Passing r-value as non-const reference (VS warning C4239)

Question

What I wish to do (using a C++ lambda) is effectively:

std::vector<MyType> GetTheArray () {return something;}

const auto DoSomething = [](std::vector<MyType> & array)
{
     //Some processing that involves either sorting the 'array' or setting temporary flags on the items
};

DoSomething (GetTheArray ());

This appears to be disallowed in standard C++ because the rvalue cannot be passed as a non-const reference.

My questions:

1) Is there a way to do this using a type-cast or am I obliged to create a temporary variable to store the results of GetTheArray ()?

2) Is there a good reason why this is disallowed in C++?

Please note that the 'something' returned from 'GetTheArray' is an array that is constructed on the fly, not a stored value.

Answer 1

It seems from the comments that what you want is to take a vector, modify it destructively (in the sense that the original state cannot be reset) and then use the result internally. And you want this to work efficiently for both lvalues and rvalues.

The next question is whether in the case of the lvalue, the code that holds the original container needs it after the function call has completed, and if it needs the original state of the vector or not. Depending on the answers to that you have different solutions:

The caller holding an lvalue does not use it anymore after the call

(or alternatively, the caller holding the lvalue needs the original state)

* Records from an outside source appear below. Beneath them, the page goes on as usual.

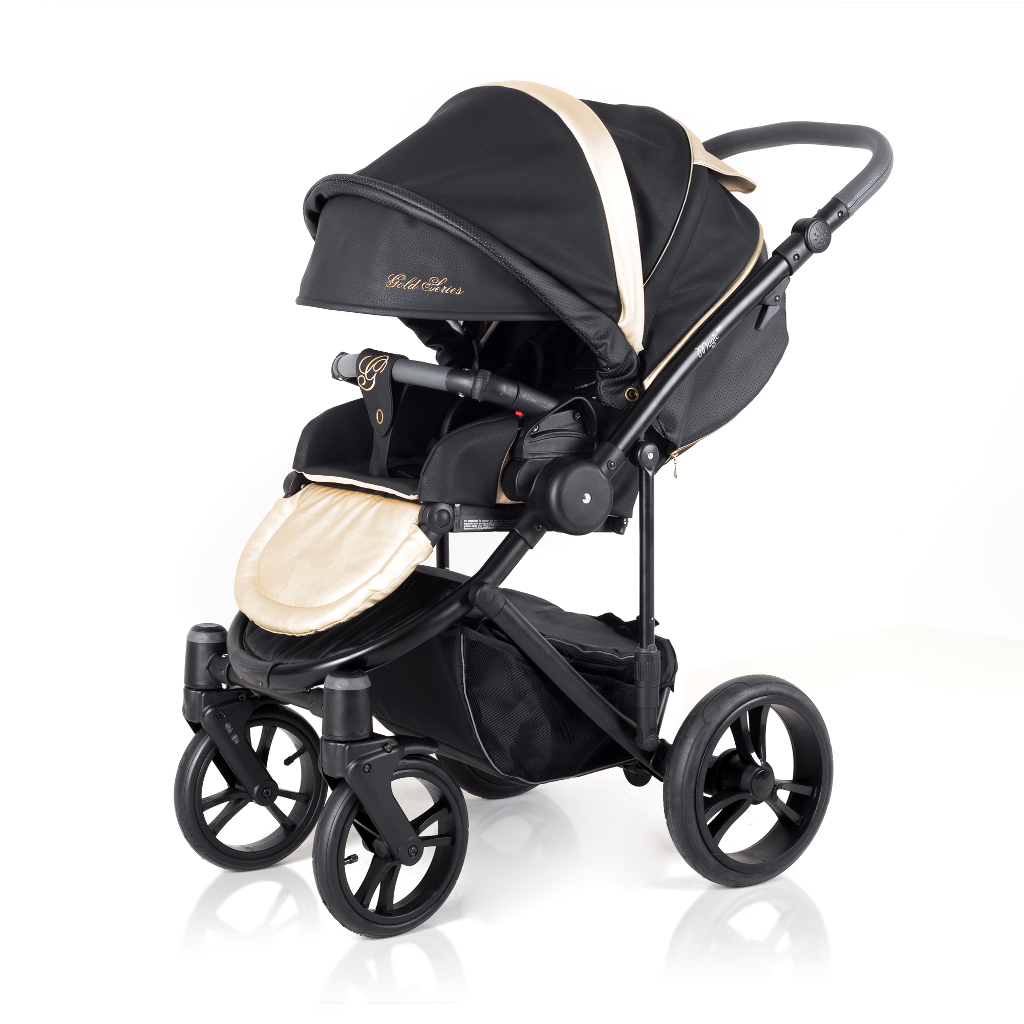 Прогулочная коляска Esspero Gold Series вышла в дизайнерской серии норвежского бренда, сочетает в себе безопасность и комфорт, является универсальным транспортом для поездок с ребёнком до 3-4 лет. Вместительные габариты и возможность отдохнуть на разложенном сидении в пути, большая проходимость шасси на больших колёсах, а также установка сидения в двух положениях, которые придутся кстати в разном возрасте, делают коляску данной модели высокофункциональной. Элегантная чёрная обивка сидения выполнена из практичной экокожи со вставками цвета благородного золота. Такая коляска, несмотря на свой уточнённый вид, как настоящая «рабочая лошадка» не боится морозов и влаги, не перегревается в жару, в общем – хорошо защищает ребёнка в любое время года и при любой погоде.
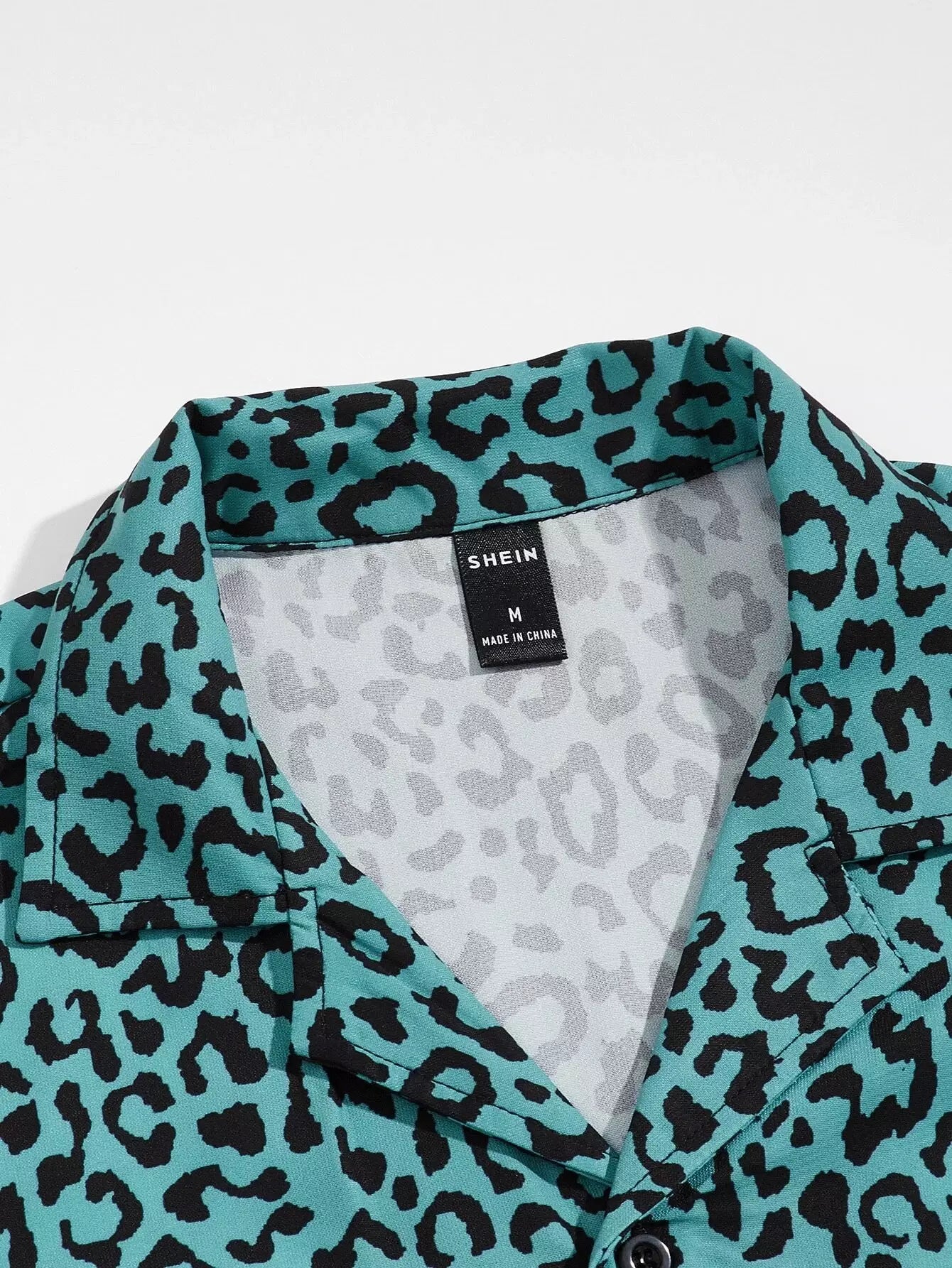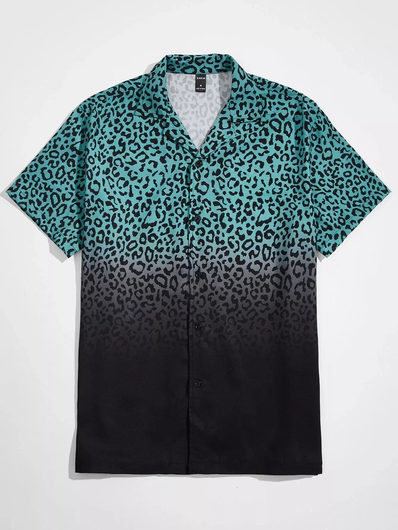 قميص رجالي بطبعة جلد النمر وظلال الألوان
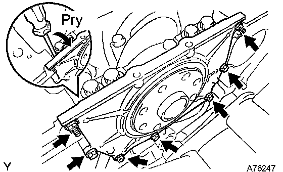 b. Using a screwdriver, remove the oil seal retainer by prying between the oil seal retainer and crankshaft bearing cap.
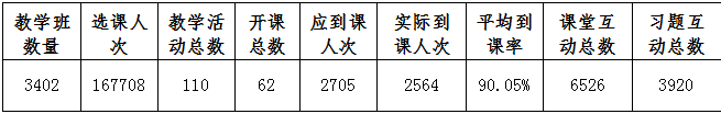 LETOU官网师生在雨课堂平台使用情况,根据大数据统计,由此查看本周教学班数量、教学活动总、开课总数、应到课人次、实际到课人次、课堂互动总数、平均到课率、习题互动总数,详情见下表:
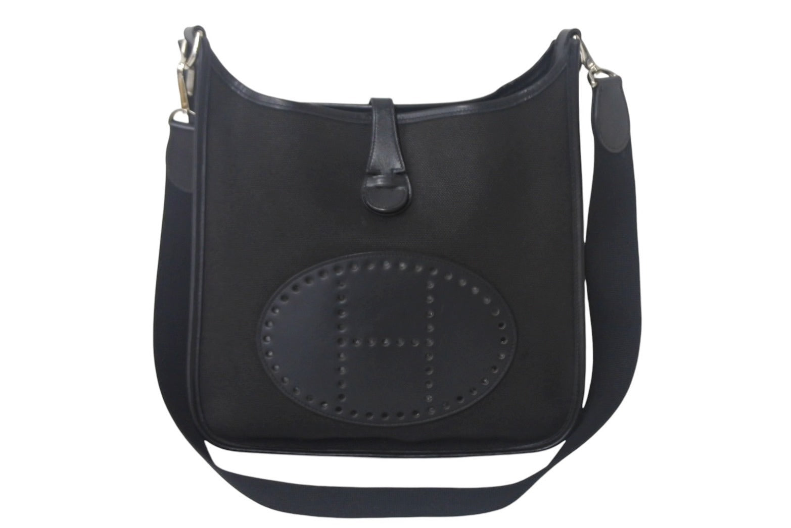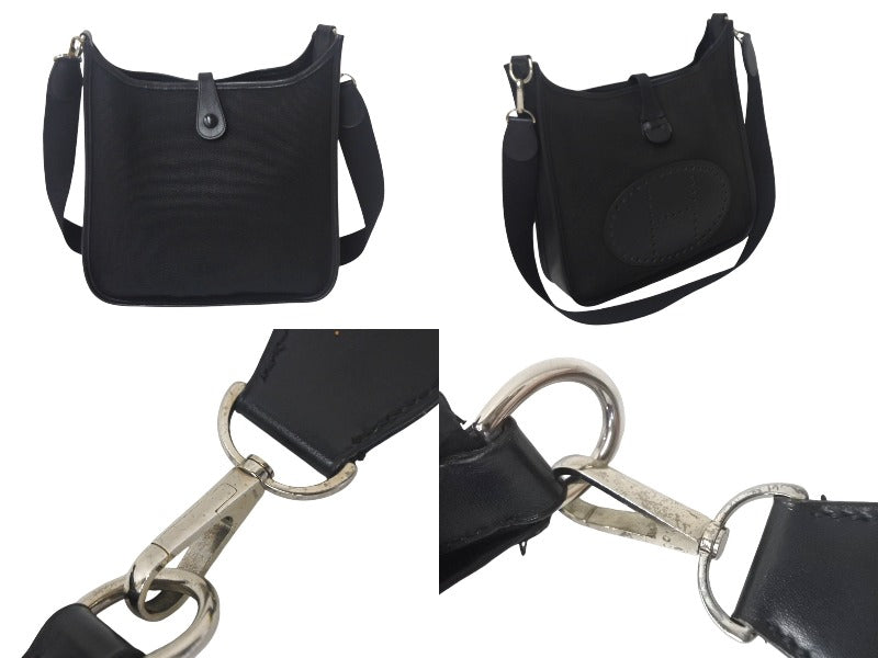 HERMES エルメス エヴリン1PM ショルダーバッグ ブラック トワルアッシュ ヴォースイフト ☐H刻印 シルバー金具 美品 中古 4c069015
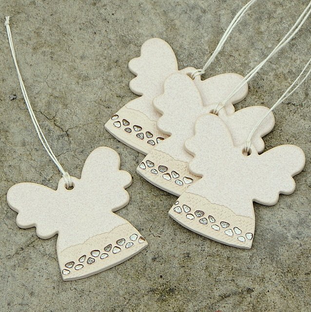 Zestaw 4 ceramicznych aniołków - zawieszek. Aniołki pokryte efektowym szkliwem ecru z przyozdobieniem w kolorze starego złota. Wymiary ok. 6 x 6 cm. Ozdobnie opakowane w pudełko. Polecam.

This is the simplest case. Then your function should take the container by value. If the caller has an lvalue, it can std::move to avoid the copy (it does not care about the object anymore) or copy which might be more expensive but leaves the original container untouched.

If the function is called with an rvalue then the copy will be either elided or transformed into a cheap implicit move.

The caller holding the lvalue does not need the original state, but it needs the container

This case is the hard one, and you will need to provide two overloads for the same function (or lambda), one taking an lvalue to be used by this caller and a different taking an rvalue-reference for the case where the caller hands a temporary. In both cases the binding will be cheap. While this requires more code, you can implement one overload in terms of the other:

rtype f(std::vector<Data> & );   // for lvalues
rtype f(std::vector<Data> && v)  // for rvalues
   { return f(v); }              // v is an lvalue here

The fact that you are doing lambdas might make this slightly more complicated, but hopefully not too much.

Answer 2

If you for some reason you really want to modify something you could always copy the temporary into your lambda.

const auto DoSomething = [](std::vector<MyType> array) { /*whatever*/ }

The way you call your lambda a compiler might be able to elide the copy. C++11 move semantics formalize this.

Answer 3

(Actually, @honk beat me to it as regards passing-by-value. To be different, I'll extend my answer to discuss using && explicitly)

Drop the &, and just pass it by value instead.

You're using lambdas, therefore you're using c++11, therefore you should just pass it by value. Yes, it will be just as fast.

C++11 is very good at noticing when a temporary is being 'copied'. It will replace the copy with a move. It will then be fast, and arguably it will be easier to read.

So, even though you might know nothing about && and std::move and so on, it's safe to say that you should start moving towards passing things by value instead of by reference. It will lead to more readable code, and it shouldn't lead to a slowdown if used at the right time.

Basically, it's fast if you pass a temporary value, such as that returned by a function, into a function, but only if you are using a standard container such as vector. Otherwise, you'll need to write your own &&-aware constructors to take advantage of the possible speed up.

Update: If you're determined to force it to be by reference, and/or you are using custom containers, then you could replace & with &&. This will allow you to pass a non-const reference. This is called a rvalue-reference.

As has been pointed out by many others, the temporary will be destroyed just after DoSomething returns. Bear this in mind. It means that you will want to fully consume the contents of the array before it returns. Maybe you print it to the screen, or store it in a database. Alternatively, you might copy or move the data into another object and return that.

Answer 4

You are handling a temporary returned from the GetTheArray() call in your bottom line. This can only bind to a const reference, and then the objec's lifetime will be extended to the lifetime of the const reference it is bound to (hence "binding").

Even if you could do what you wanted, your call to DoSomething would still be an expensive no-op. At the very least you'd need to return something from DoSomething.

C++ forbids this because (since C++11) it has rvalue references with move semantics, which can do awesome stuff, but not without returning something.

Answer 5

If you need to modify something array you need to return a reference to it. Otherwise don't pass it by (non const) reference to DoSomething
The reason why it is disallowed is to avoid problems you are illustrating here. It looks like you are going to modify something, but instead copy of something returned by GetTheArray() will be changed. Which doesn't make much sense since this copy will be deleted right after DoSomething exits.
You have 3 ways to solve this.
1. You need to modify something then change GetTheArray to return reference
2. You need to modify copy of something that will be discarded DoSomething did it's job then change DoSomething to accept array by value.
3. You don't need to modify something in DoSomething then const reference as param of DoSomething should be used.